Moreover, it is important to establish the impact of longer periods of maternal supplementation
(e.g., prior to pregnancy).
1612 IN UTERO EXPOSURE TO BISPHENOL A INDUCES
CHANGES IN THE DEVELOPING MAMMARY GLAND.
J. LaRocca, J. Pietruska and M. Hixon. Brown University, Providence, RI.
Bisphenol A (BPA), a chemical widely used in the production of plastics, is the subject
of recent controversy as to its effects as a reproductive toxicant. We are investigating
if in utero exposure to low to moderate doses of BPA induces phenotypic
and/or transcriptional changes in the adult mammary gland. Pregnant C57/Bl6
mice were exposed to either sesame oil as a negative control, a low dose (50μg/kg) of
BPA, a moderate dose (1,000μg/kg) of BPA, or diethylstilbestrol (2.0μg/kg) as a
positive control via oral gavage from gestational days 10 to 16. Offspring were sacrificed
at either postnatal day (PND) 25 or PND 56. Whole mount analysis indicated
that both mammary gland ductal outgrowth and the terminal end bud population
were significantly decreased at PND 25 for the 50μg/kg BPA and DES
exposure groups, but were unchanged for the 1,000μg/kg BPA group. However, by
adulthood mammary glands exposed in utero with BPA at both the moderate (50
μg/kg) and high (1,000 μg/kg) dose or DES (2 μg/kg) resulted in increased ductal
outgrowth as compared to sesame oil control glands.
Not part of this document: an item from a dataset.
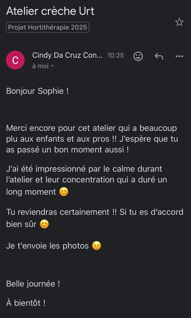 Cette semaine, j’ai eu le plaisir d’animer un atelier d’hortithérapie à la crèche de Urt, placé sous le signe de la découverte sensorielle. Les tout-petits ont plongé dans un univers végétal doux, coloré et parfumé, où chaque plante devenait une invitation à explorer le monde autrement.

Real-time RT-PCR revealed
statistically significant increased expression of progesterone receptor, estrogen receptor
alpha, and g-coupled protein receptor 30 (GPR30) in PND 25 mammary
glands exposed in utero with 1,000μg/kg BPA. Interestingly, by adulthood GPR30
mRNA levels were significantly decreased in all exposure groups. Initial evidence
also suggests that mice exposed to 30 mg/kg Dimethylbenz[α]nthracene at PND 56
that were previously exposed in utero to 1,000 μg/kg BPA have increased mammary
hyperplasia by one year of age. We are currently conducting in vitro experiments
with BPA to differentiate between classical and non-classical estrogenic signaling
pathways. Our results suggest that in utero exposure to BPA alters postnatal mammary
gland development, causing a permanent change in mammary gland structure
and possibly increased susceptibility to cancer development following carcinogen
exposure. Furthermore, the pathways through which BPA elicits its response appear
to be dependent on the dose, resulting in a non-monotomic dose response.